This is something that has been bothering me a long time. Let’s see if I can explain it well.
A lot of the problem is the press. As technology has grown in influence over the last several decades, news outlets have hired technology writers, and published a steady stream of their work. In an effort to fill column inches, they tend to speculate about tech that mostly exists in press releases, and is not yet a shipping product. Sometimes, they breathlessly repeat what they have been told by very skillful marketing executives at tech companies, in an effort to grab eyeballs with the latest thing. It is also driven by an effort - I think - not to be left behind. To avoid being the last media outlet to recognize that change was coming.
I understand all of that - we all do. But what happens next is what I am more concerned about.
Primarily because of this onslaught of reporting, we - leaders, teachers, administrators - are often distracted away from the hard conversations. And particularly administrators don’t mind that - I think they even like it. It helps them sound like they can predict the future - something we all wish our leaders could do. But for them, it is easier to talk about some distant future that makes us sound smart than it is to move our faculty even one or two steps in the direction we need now. It reminds me of Dug the dog in the animated Pixar movie classic “Up,” who gets continually distracted by seeing a “Squirrel!”
We get distracted by the latest shiny “total change” toy, and it can take our attention away from critical issues in education that we need to be wrestling with instead. MOOCs, Artificial Intelligence, VR - the list goes on. There were rivers of ink spilled about how MOOCs were going to change education forever. It was bunk. But the meetings, the hard decisions to play or not to play - it took us away from working on much more important topics.
What we tend to do is examine the latest thing, briefly, for fear it may change everything and when satisfied that it will not, we move on. We make pronouncements that education in the near future will all take place virtually.
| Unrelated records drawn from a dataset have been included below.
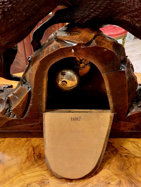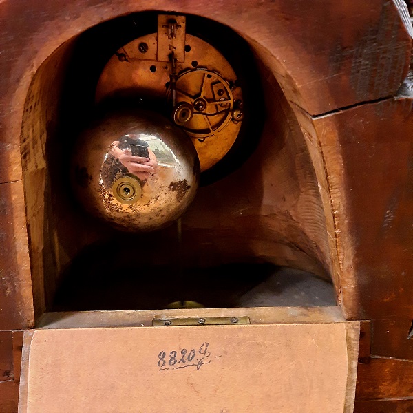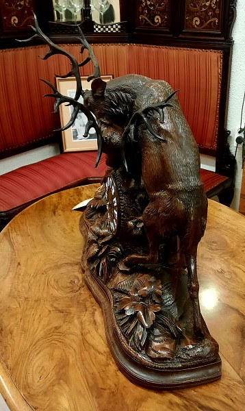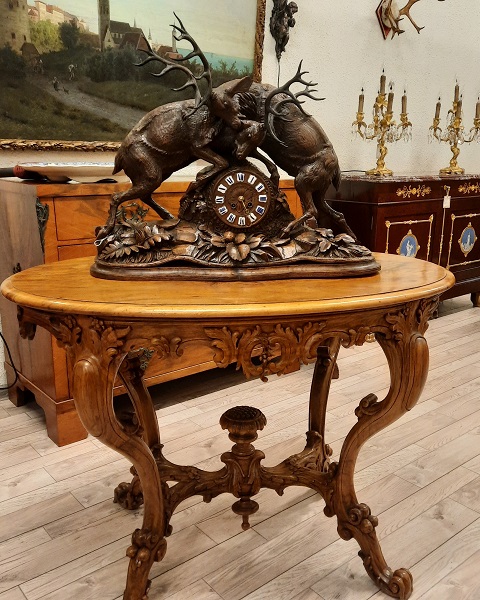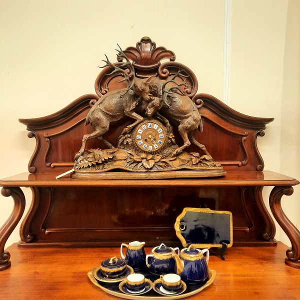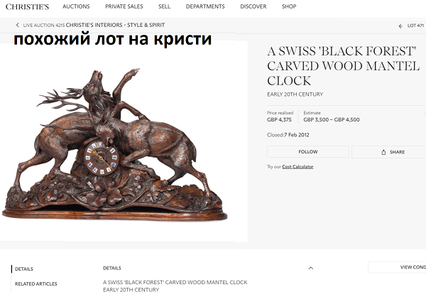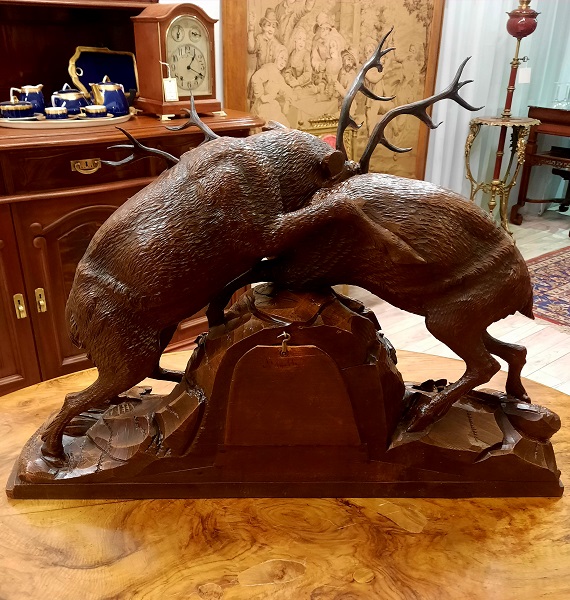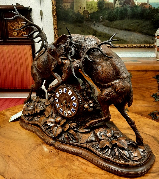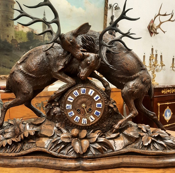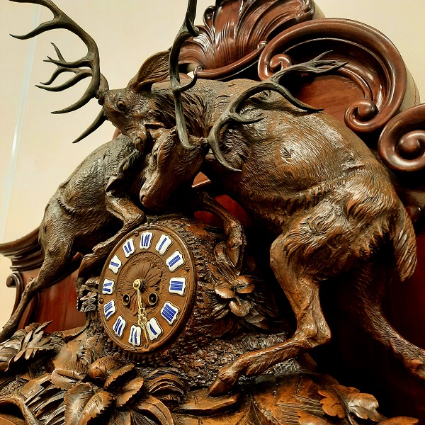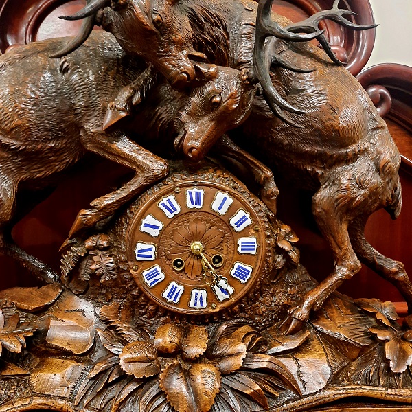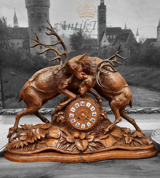 Старинные часы из Шварцвaльда "Black Forest " около 1900 года. Деревянный корпус украшен изображением двух оленей на натуралистичном основании, циферблат с эмалевыми римскими цифрами, механизм с боем. Ключ в комплекте. Ходят, бьют. Клеймо на механизме относит к периоду 1855-1865 год. Клеймо на задней дверце с адресом Neustadt 10. В XIX веке Нойштадт (часть современного Титизее-Нойштадта) был важным центром часового дела Шварцвальда, особенно известным часами Winterhalder & Hofmeier и часами «Sorg» или «Jockele». Этот регион считался колыбелью часовой традиции Шварцвальда. Пережили блокаду, бытовали в Санкт-Петербурге, в Петроградском районе.
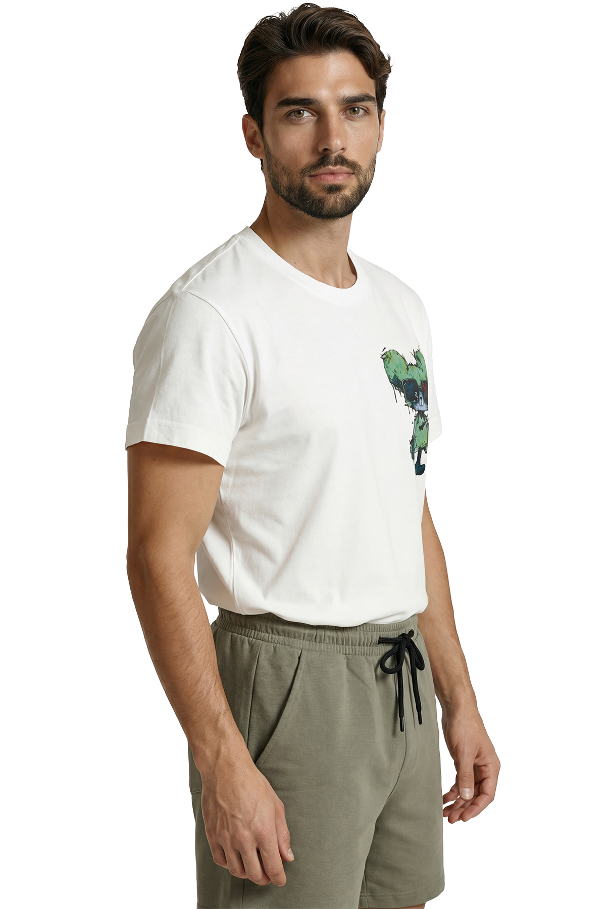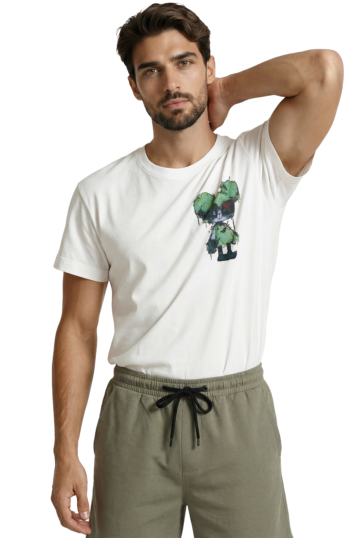 Sanatsal Baskı (DTG): "Yapıştırma" hissi veren naylon baskıları unutun. Kullandığımız son teknoloji DTG (Direct to Garment) yöntemiyle boya, kumaş liflerine işler. Bu sayede, ayıcık figürünün canlı yeşil tonları ve eskitme efektleri kumaşla bütünleşir, baskı hava alır ve plastik hissi vermez.
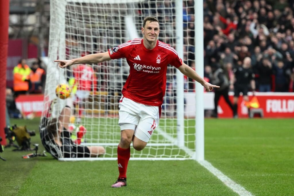 2SBB9TK Chris Wood of Nottingham Forest celebrates after scoring a goal to make it 4-0 during the Premier League match between Nottingham Forest and Brighton and Hove Albion at the City Ground, Nottingham on Saturday 1st February 2025. (Photo: Jon Hobley | MI News) Credit: MI News & Sport /Alamy Live News
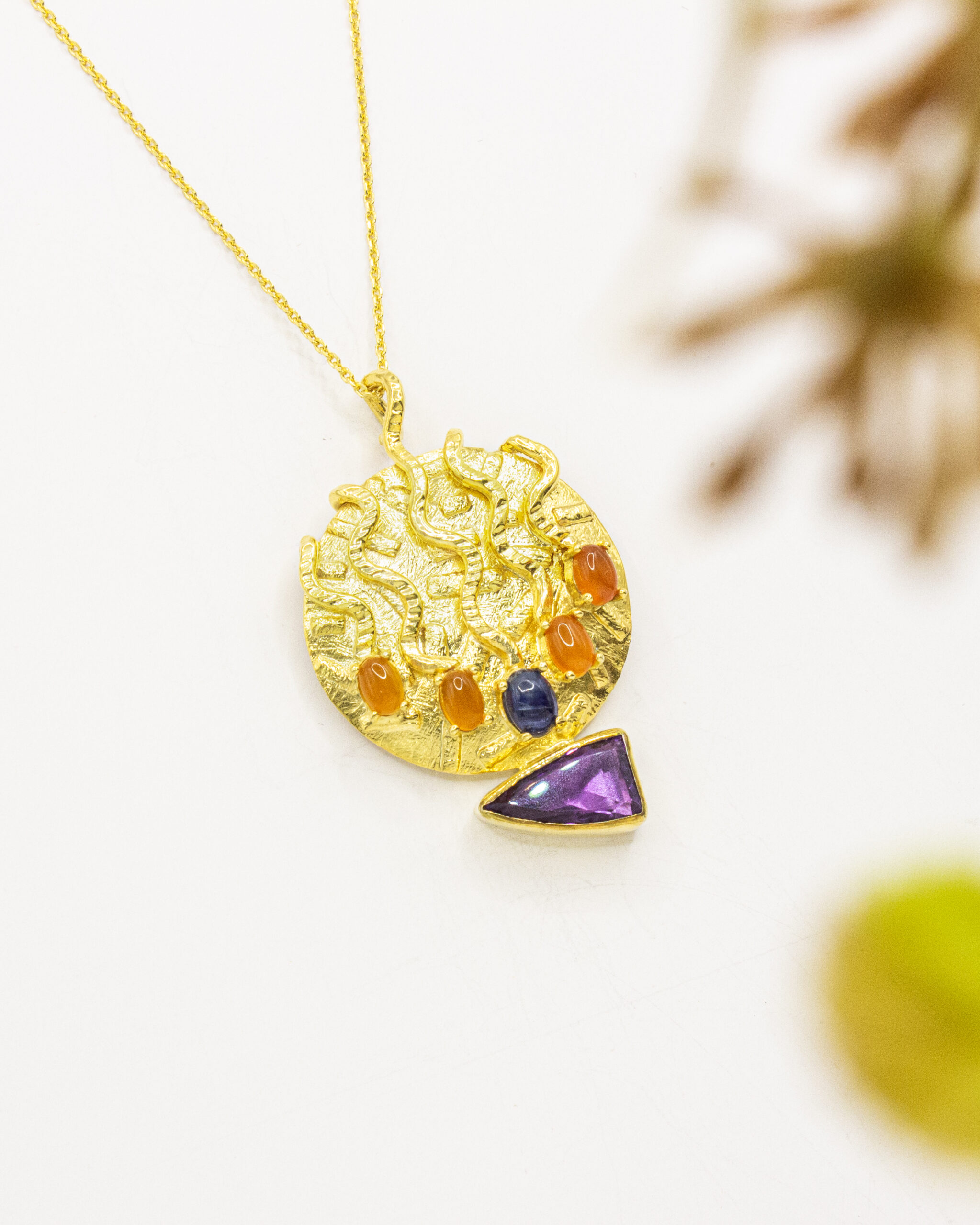 Finished with a high polish that highlights both the intricate silverwork and the vivid colors of the precious stones, this pendant is a testament to Turkish craftsmanship. Crafted from genuine 925 sterling silver, it’s an exceptional accessory for those who appreciate contemporary design infused with the beauty of natural gems.

That robots will teach our students. It’s all bunk. And it’s free - in 5 years, no one will remember we said that, and ask us to account for doing so.
It is not only bunk, I will go so far as to say it is irresponsible future gazing at the expense of the hard work we should be doing now. And it is easier – and lazier – than engaging with hard changes that need to be begun, some of them urgently.
A recent example was how we focused on the “threat” of MOOCs instead of doing the hard work of preparing for a hybrid online future. Local, teacher-based, student-focused, hybrid learning. And what happened? We were not ready for the pandemic, and much disruption - and poor educational outcomes - occurred as a result.
What if we had a concrete 10 year plan, and adjusted it as necessary as each 10 year period unfolded? What if we executed on that plan, and avoided wasting time speculating about how everyone is going to go to school in their VR headsets all day? It won’t happen, so let’s stop talking about it, and talk about how to do hybrid learning well.
Letters of Recommendation
If you have not seen the movie mentioned here - Up! - you really should. That is my recommendation for the week. Bring it up on your streaming service of choice. Here is the official trailer:
Q of the Week
The Q of the Week this week is a Quote from the poet Pádraig Ó Tuama:
We are interested in holding wonder in one hand and work in the other. Wonder at all we do not understand; work to support each other, help each other, learn, commit, change, and improve.